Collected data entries
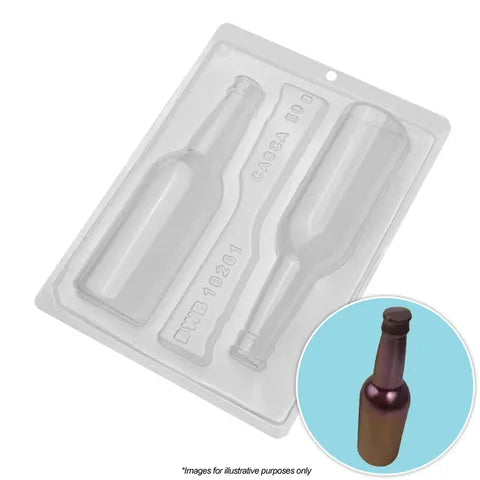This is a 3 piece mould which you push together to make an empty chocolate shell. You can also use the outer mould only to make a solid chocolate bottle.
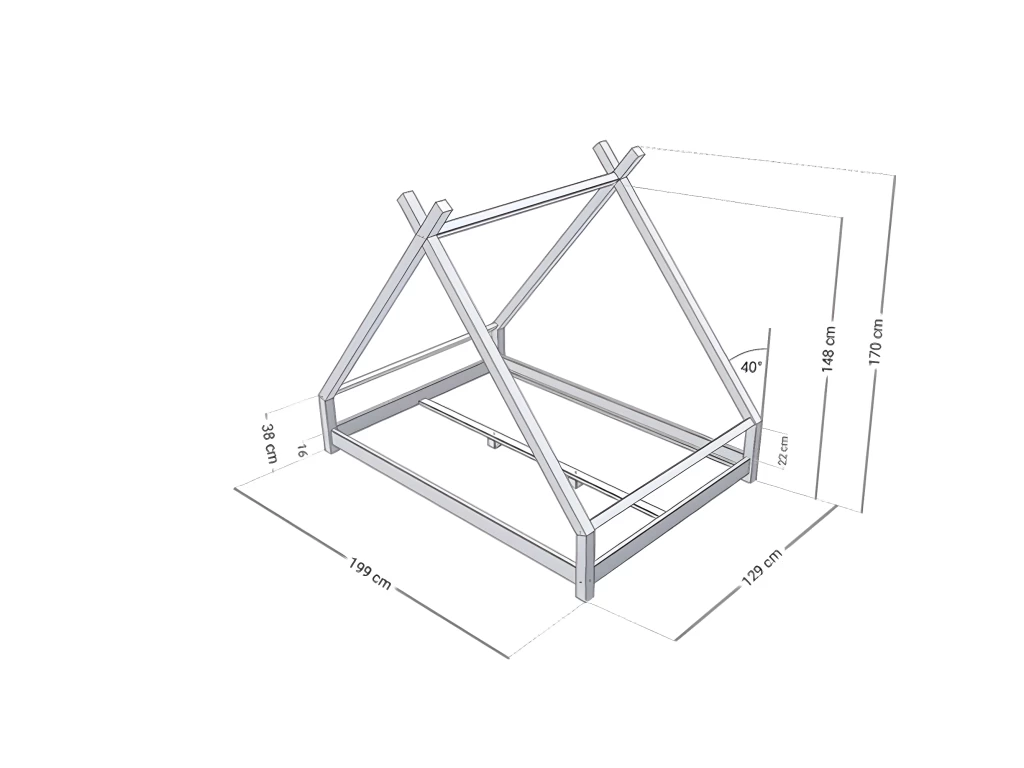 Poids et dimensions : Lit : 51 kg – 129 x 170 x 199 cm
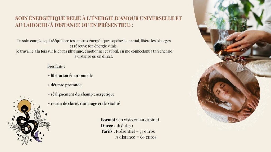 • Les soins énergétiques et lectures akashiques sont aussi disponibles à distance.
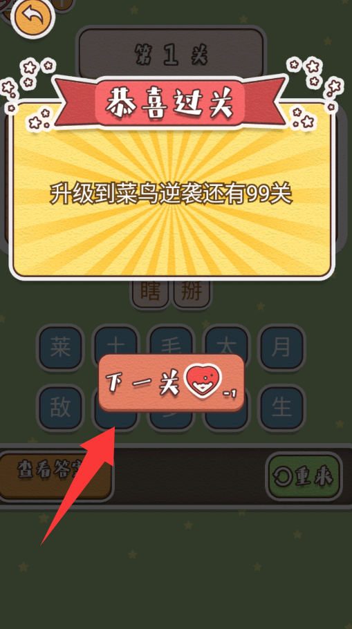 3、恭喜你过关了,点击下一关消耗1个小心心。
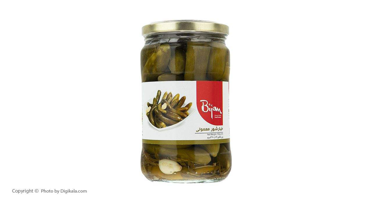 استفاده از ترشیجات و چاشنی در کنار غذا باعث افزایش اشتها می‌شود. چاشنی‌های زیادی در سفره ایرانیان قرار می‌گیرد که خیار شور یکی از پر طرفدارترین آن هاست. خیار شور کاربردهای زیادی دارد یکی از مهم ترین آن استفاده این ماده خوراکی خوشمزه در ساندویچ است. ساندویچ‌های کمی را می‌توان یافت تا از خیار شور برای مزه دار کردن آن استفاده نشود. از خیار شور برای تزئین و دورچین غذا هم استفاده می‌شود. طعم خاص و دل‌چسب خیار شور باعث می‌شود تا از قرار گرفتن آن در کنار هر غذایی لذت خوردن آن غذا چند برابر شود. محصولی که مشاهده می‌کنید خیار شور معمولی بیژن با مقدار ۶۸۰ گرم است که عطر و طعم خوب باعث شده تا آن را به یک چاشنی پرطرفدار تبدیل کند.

_What is required:_ Exact duplicates of all the entries are required, and no image may appear in them.

_Solution to the exercise:_
This is a 3 piece mould which you push together to make an empty chocolate shell. You can also use the outer mould only to make a solid chocolate bottle.
 Poids et dimensions : Lit : 51 kg – 129 x 170 x 199 cm
 • Les soins énergétiques et lectures akashiques sont aussi disponibles à distance.
 3、恭喜你过关了,点击下一关消耗1个小心心。
 استفاده از ترشیجات و چاشنی در کنار غذا باعث افزایش اشتها می‌شود. چاشنی‌های زیادی در سفره ایرانیان قرار می‌گیرد که خیار شور یکی از پر طرفدارترین آن هاست. خیار شور کاربردهای زیادی دارد یکی از مهم ترین آن استفاده این ماده خوراکی خوشمزه در ساندویچ است. ساندویچ‌های کمی را می‌توان یافت تا از خیار شور برای مزه دار کردن آن استفاده نشود. از خیار شور برای تزئین و دورچین غذا هم استفاده می‌شود. طعم خاص و دل‌چسب خیار شور باعث می‌شود تا از قرار گرفتن آن در کنار هر غذایی لذت خوردن آن غذا چند برابر شود. محصولی که مشاهده می‌کنید خیار شور معمولی بیژن با مقدار ۶۸۰ گرم است که عطر و طعم خوب باعث شده تا آن را به یک چاشنی پرطرفدار تبدیل کند.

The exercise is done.